The stochastic scenarios of equity and real estate returns and yield curves are generated with a Vector AutoRegressive (VAR) model estimated on annual time series data for the period 1970–2005. This means that volatilities, correlations and dynamics (i.e. auto- and cross-correlations) are in accordance with the historical statistics. The expected values for the different variables are overruled, based on current market and forward-looking information. As a suitable risk criterion we use the probability that the insurer does not satisfy the required (FTK) solvency margin (i.e. that the available capital is smaller than the required capital according to the standard test in any year of any scenario).
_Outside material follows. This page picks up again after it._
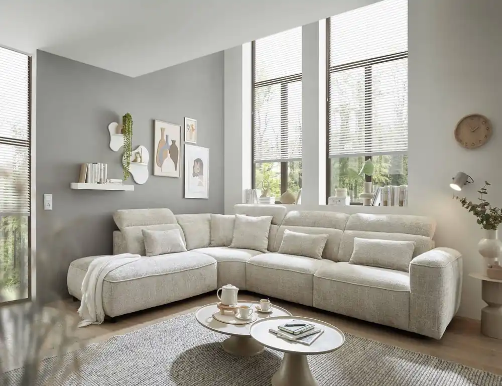 Ecksofa Mansfield Farbe taupe mit 5-fach verstellbaren Kopflehnen und Mikrofaser-Chenille-Bezug – ED Exciting Design Sale
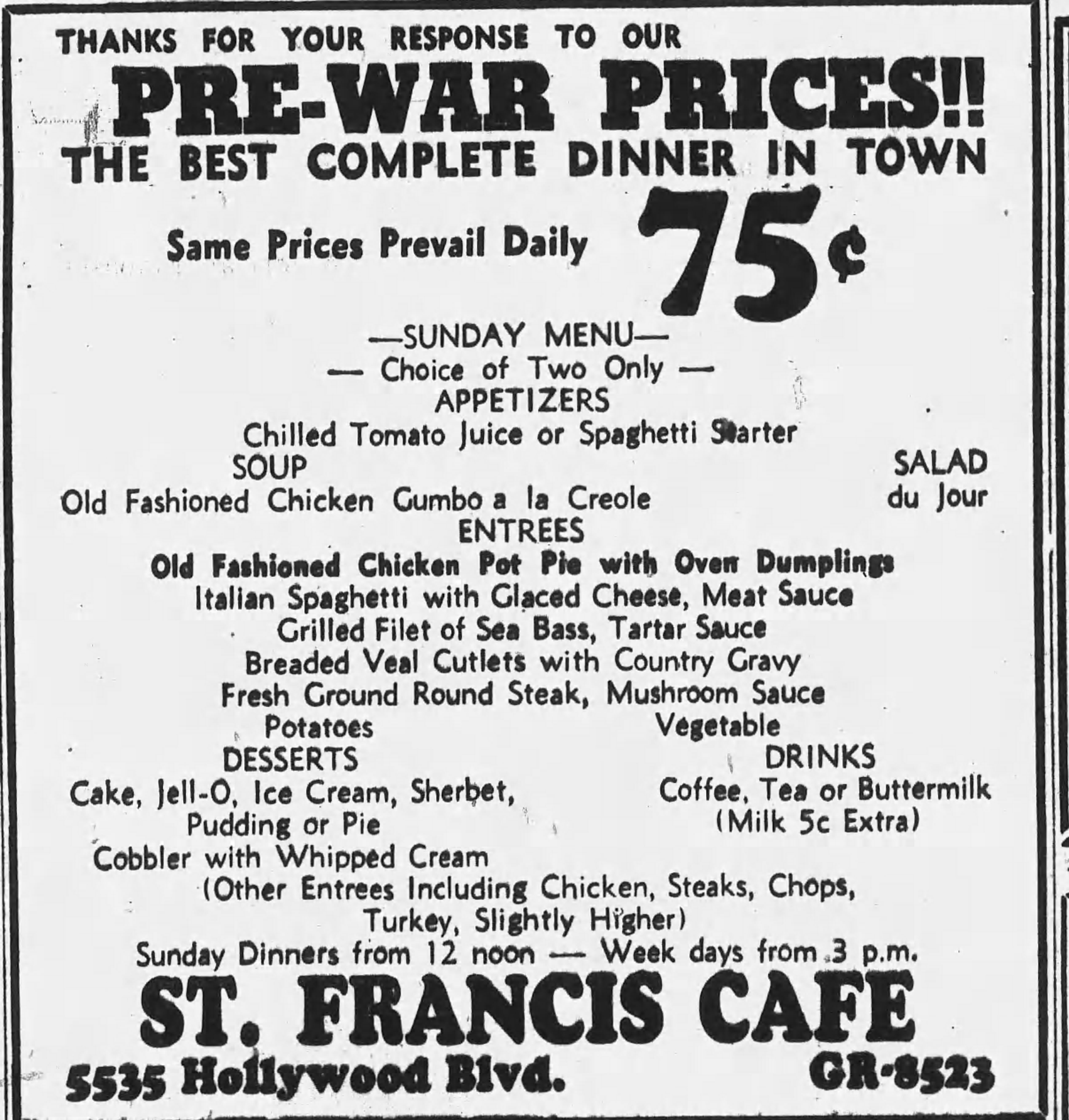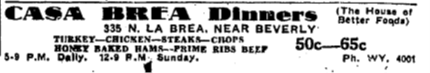 Le Trianon didn’t last too long. By April 1937, 1559 N. Vine was known as the Dominic Tavern, operated by Dominick Ferrera, when it made unfortunate publicity- an employee, Frank Damiano, was brutally murdered with a meat cleaver during his early morning shift, ostensibly by bandits. The case went unsolved. In June 1937, Ferrera pleaded guilty to adulterating and mislabeling liquors (LA Daily News 6/10/1937).

As a return criterion, we use the average or expected market value funding ratio at the end of the 10-year simulation period.

Current investment policy

In Figure 7, for the current investment policy, Panel A shows the scenarios of the (long) interest rate scenarios as resulting from the VAR model, Panel B the corresponding scenarios of the required (FTK) capital as a percentage of the liabilities (starts at the end of 2005 value of 27.2 per cent), Panel C the scenarios of the difference between the surplus and the required capital as a percentage of the liabilities (i.e. negative means a capital shortage) and finally Panel D the scenarios of the market value funding ratio.

Figure 7
figure 7

Dynamic going concern analysis of the current policy.
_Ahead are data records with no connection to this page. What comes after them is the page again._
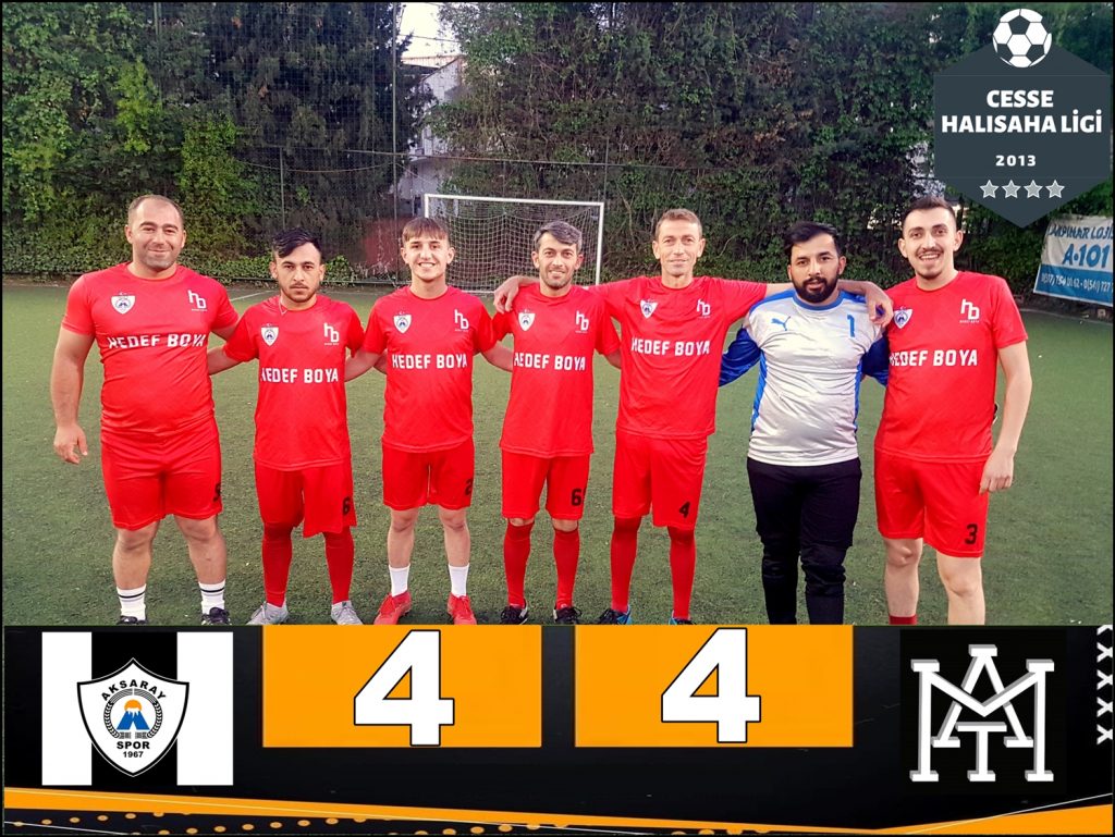 Aksaray Spor gruptan çıkma şansını kaybetmesine rağmen çıktığı prestij maçında grup lideri Mat Teknik’e karşı üst düzey bir mücadele sergiledi ve kazanabilecekleri maçtan 1 puanla ayrılarak grubun son maçında teselli ikramiye almış oldu. 2 maçta puan alamayan ekip bu maçta oldukça istekli bir oyun sergilerken son vuruşlardaki şanssızlıklarıyla çok büyük fırsat tepti ve maçın genelini önde götürdüğü müsabakadan 1 puanla yetindi. Net pozisyonlara giren ekip dünyaları kaçırırken Emrah’ın kurtarışlarıyla devleştiği maçta gollerin 4 ü de Rıza’dan geldi.
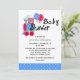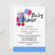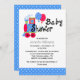 Colourful baby boy's baby shower invitation, with cute graphics of a red, blue, green and yellow choo choo train, with polka dot balloons, and a blue and white polka dot accent band, across the bottom. Graphic text reads Baby Shower, at the top. Personalise the custom black text to suit your shower needs. Matching products are available.
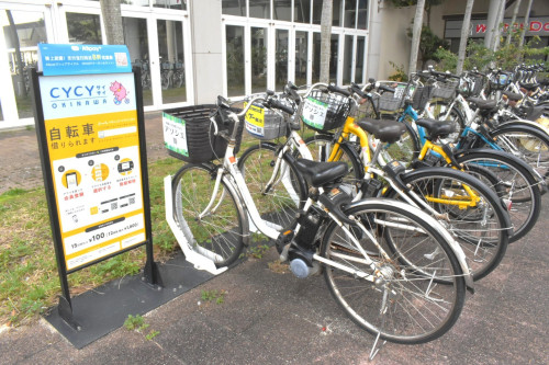 小禄駅には「HELLO CYCLING」などのポートが設置されています。電動アシスト自転車を利用できるため、快適にサイクリングが楽しめます。また、貸し出し場所以外でも返却可能で、周辺を散策した後に別のポートで返せるのも便利です♪

Panel B shows that the required capital varies significantly across different scenarios (between 15 and 35 per cent of the liabilities). By contrast, under the current Solvency I rules, the required capital is a fixed percentage of the book value of the liabilities. As a result of this volatility, Panel C shows that there is a large probability of around 30 per cent that there will be (large) capital shortages in the future. The selected scenario shows that this will be especially the case in case of low interest rates. So the initial solvency ratio (of just above 100 per cent) can deteriorate rapidly into large capital shortages in case interest rates go down. This illustrates that a static solvency test alone is not enough to completely judge the solvency situation. Once extreme adverse movements in market conditions have taken place (possibly together), all existing capital can disappear. There is no guarantee that in the following years the markets will recover while formally the required capital should still be available. From the previous analysis it is of course clear that an important reason for the observed risks is the significant mismatch in terms of interest rate sensitivity between the assets and liabilities.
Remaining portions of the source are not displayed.